Think about it. A helicopter equipped with FLIR is flying at night. That FLIR just takes a flip of a switch to activate. How are we sure that the switch is ever OFF? Are we to trust that it's off when not needed (chasing bad guys?) What if they have it on constantly?

Only difference is maybe you can't hear the drones overhead? Are they to just fly a grid pattern to catch illegal activity or spy? Or are they only to be used to chase bad guys. What determines a "bad guy" if they are spying on EVERYBODY like a suspect to a crime they are about to commit (Guilty until proven innocent reference)
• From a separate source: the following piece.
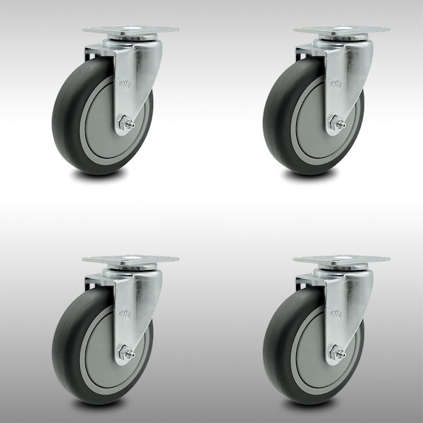 5 Inch SS Thermoplastic Rubber Wheel Swivel Top Plate Caster Set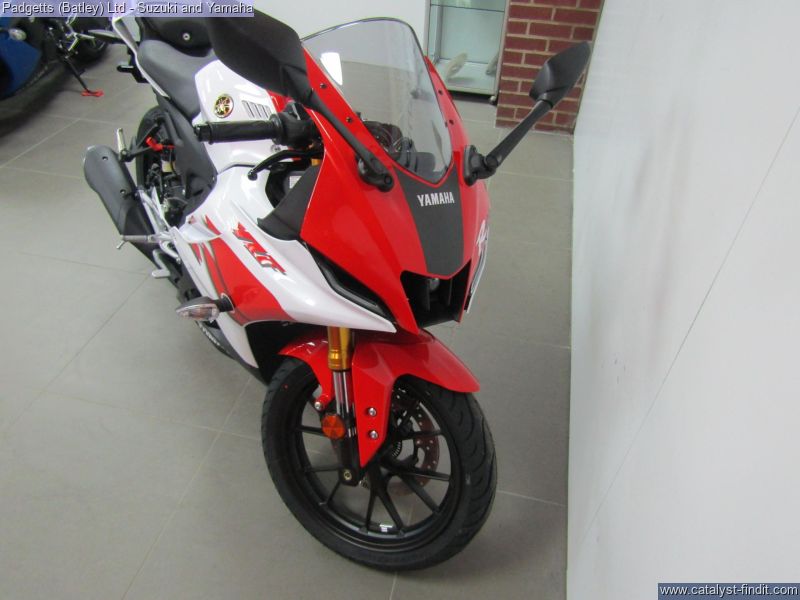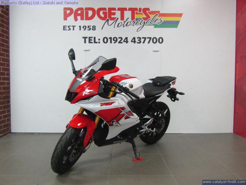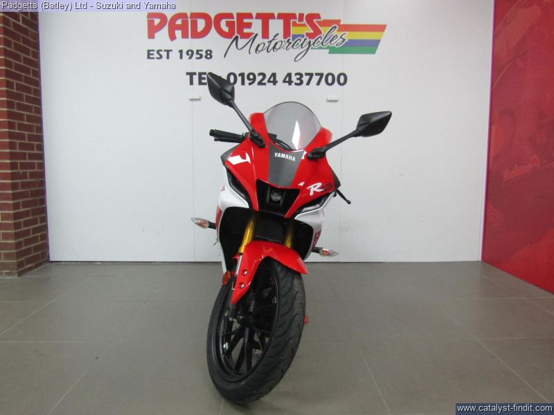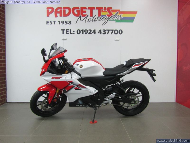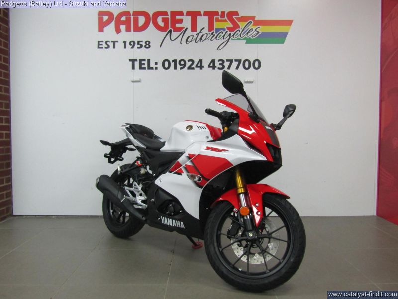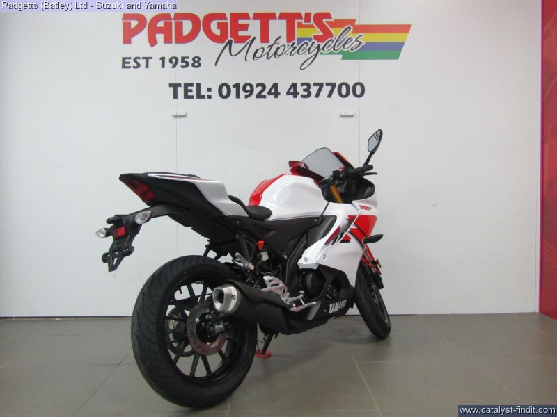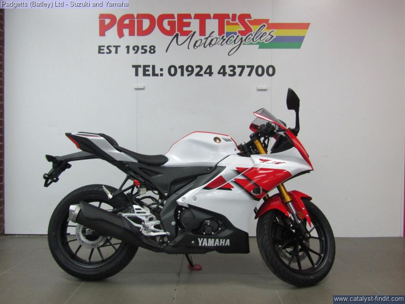 - We present here for sale this 2026 Yamaha YZF-R125. Manufactured to a best-in-class specification and featuring pure race-bred engine and chassis technology, the R125 is Yamaha's ultimate lightweight Supersport. With new graphics as well as a next generation Icon Blue colour scheme that strengthens its R-Series family DNA, this lightweight 125cc Supersport has a serious big-bike attitude. R-Connection. Featuring race-developed Supersport geometry, the Deltabox chassis is equipped with state-of-the-art 41mm KYB upside- down front forks and link-type rear suspension for super- agile handling. The footrest/seat/handlebar layout gives a sporty riding position for optimum control – and smartphone-connected 5-inch TFT instruments keep you informed – and in touch. And equipped with a powerful central LED headlight and dual LED position lights and M- shaped nose, its aggressive new face oozes pure R-Series DNA. For strong performance at all speeds the 125cc 4- stroke engine is equipped with Yamaha’s power-boosting Variable Valve Actuation (VVA) technology and exhaust updates – and the traction control system and assist & slipper clutch enhance controllability when you’re accelerating and decelerating. With a premium finish available in a choice of next generation Icon Blue and Tech Black with new graphics, R125 has everything you need to connect to R/World. The bike is available for viewing and is well worth a look. Finance is available and is subject to status. Part Exchanges welcome. Nationwide delivery can be arranged from as little as £75. Usual Dealer Facilities including a Large range of clothing, helmets & accessories. Call Padgett's Motorcycles today to ensure that you don't miss out; Suzuki Sales Centre 01924 609808, Honda Sales Centre 01924 437700 and Yamaha Sales Centre 01924 478491.

Another reason to grow giant trees around my property. They can see my heat markers, but won't be able to directly tell what I'm doing.............


----------



## Condor (Dec 26, 2012)

rice paddy daddy said:


> Not true at all. The small ones available for private use are no bigger nor more sophisticated than a radio controlled model plane. Did you not see photos of the drones PETA used to spy on the South Carolina dove hunters?
> When people hear the word "drones" they automatically think of military styled aircraft that fly at thousands of feet in altitude equipped with FLIR, night vision, and high resolution cameras.
> Not so.
> They can be bought for less than $600. Unmanned Aerial Vehicles (UAV) - RobotShop
> And that is just ONE source. Google can be your friend, sometimes.


Well,not to nitpick, the one for $600 is a kit that needs assembled, needs software and a computer, RC radio equipment and someones time and smarts to figure it out. It also has limited flight time, radius and from watching the video, it's very noisy with that noise bleeding into the audio. Video wasn't that great either. The next level up was $5,000. Like I said, I'd be surprised if anyone other than the Gov't would have the resources to use them.


----------